Negli annali della storia dei giochi, non c’è controller più conosciuto del pezzo di plastica a tre punte fornito con il Nintendo 64. Probabilmente per alcuni motivi. C’è il design unico, che lo rende immediatamente e inconfondibilmente riconoscibile come il gamepad dell’N64. C’è la popolarità della console, che ha contribuito a cementare Nintendo come uno dei nomi definitivi nei giochi.

Ma la parte più importante del controller N64 non è il design o la scatola a cui è collegato: era il joystick, che ha introdotto milioni di persone in un nuovo modo di controllare i giochi e ha aperto la strada ai moderni giochi 3D che sono praticamente standard oggi.

Nintendo non ha inventato il joystick o l’idea di usarlo per i giochi, ma ha reso popolare il joystick come opzione di controllo predefinita per i giochi tradizionali in un modo che nessun altro aveva fatto prima. Prima dell’N64, i joystick erano limitati in gran parte agli appassionati di simulatori di volo che cercavano la piattaforma più realistica per rispecchiare il volo reale. Ma il controller N64 offriva un joystick come schema di controllo principale per ogni tipo di gioco e lo mise davanti e al centro nelle mani dei giocatori.

Uno dei motivi di questa decisione è stato il passaggio ai giochi 3D, un cambiamento che Nintendo ha aiutato a introdurre l’N64. Muoversi in un mondo tridimensionale poligonale significava che i giocatori avevano bisogno della capacità di navigare più liberamente di quanto consentirebbe un tradizionale D-pad (progettato per pixel simili a griglia sulle console precedenti). È qualcosa che si riflette nel mio spunto di design preferito del joystick N64: il pozzo ottagonale in cui poggia, che indica sottilmente i giocatori verso le otto direzioni cardinali in cui possono inclinare lo stick e successivamente spostare il loro personaggio sullo schermo. (È anche un dettaglio che Nintendo ha mantenuto sulle sue console successive fino a Wii U.)

Ma la magia del controller dell’N64 è il modo in cui Nintendo ha utilizzato il design per insegnare ai giocatori come utilizzare il nuovo joystick e navigare su nuovi piani. La strana impugnatura del terzo controller ha permesso di tenere il controller N64 sulle due impugnature esterne come un controller “normale”, ma lo stick montato al centro incoraggia i giocatori a vederlo come lo schema di controllo principale. E l’impugnatura in gomma testurizzata si appoggia naturalmente sotto il pollice, facilitando l’inclinazione in qualsiasi direzione.
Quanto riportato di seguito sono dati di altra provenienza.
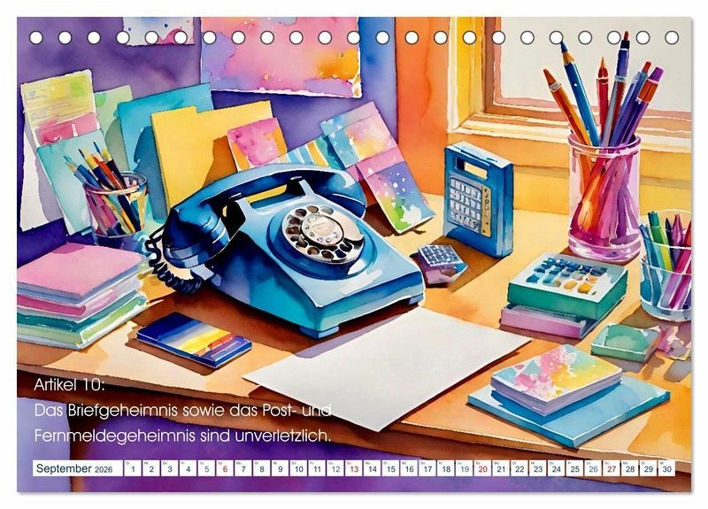 Bilder sagen mehr als Worte - warum also nicht das trockene Grundgesetz in farbenfrohe Bilder umsetzen, dachte sich Steffani Lehmann und editierte die Aquarellbilder mit Unterstützung einer KI. Ergebnis: Vermeintlich langweilige Politik kann richtig bunt sein!

Il joystick consentiva anche un movimento più sottile rispetto a un tradizionale D-pad. In Super Mario 64, i giocatori vengono introdotti all’idea che possono spingere forte il joystick per correre ma inclinarlo leggermente per camminare. Più avanti nel gioco, possono persino usarlo per volare liberamente in tre dimensioni.
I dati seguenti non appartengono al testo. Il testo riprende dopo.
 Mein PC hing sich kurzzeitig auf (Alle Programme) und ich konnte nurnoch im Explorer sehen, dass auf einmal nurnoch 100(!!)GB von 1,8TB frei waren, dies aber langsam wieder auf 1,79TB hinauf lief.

L’hardware ha avuto problemi. Il meccanismo era soggetto a usura e allentamento nel tempo, richiedendo una corretta manutenzione, lubrificazione e sostituzione. Ma è importante ricordare che era anche un prodotto di prima generazione, rilasciato in un momento in cui i maggiori concorrenti di Nintendo, l’originale PlayStation e Sega Saturn, erano stati spediti solo con D-pad vecchio stile. (Entrambi avrebbero in seguito rilasciato controller con joystick dopo il rilascio dell’N64.)

Il controller N64 è anche molto chiaramente un punto di transizione. Il suo design sembra quasi un controller SNES con alcune appendici extra, e il pad direzionale e i pulsanti frontali consentono ancora facilmente agli sviluppatori e ai giocatori che erano a disagio con il nuovo schema di controllo di evitarlo. C’era solo il singolo stick analogico, rendendo il controllo della fotocamera una frustrazione in alcuni giochi.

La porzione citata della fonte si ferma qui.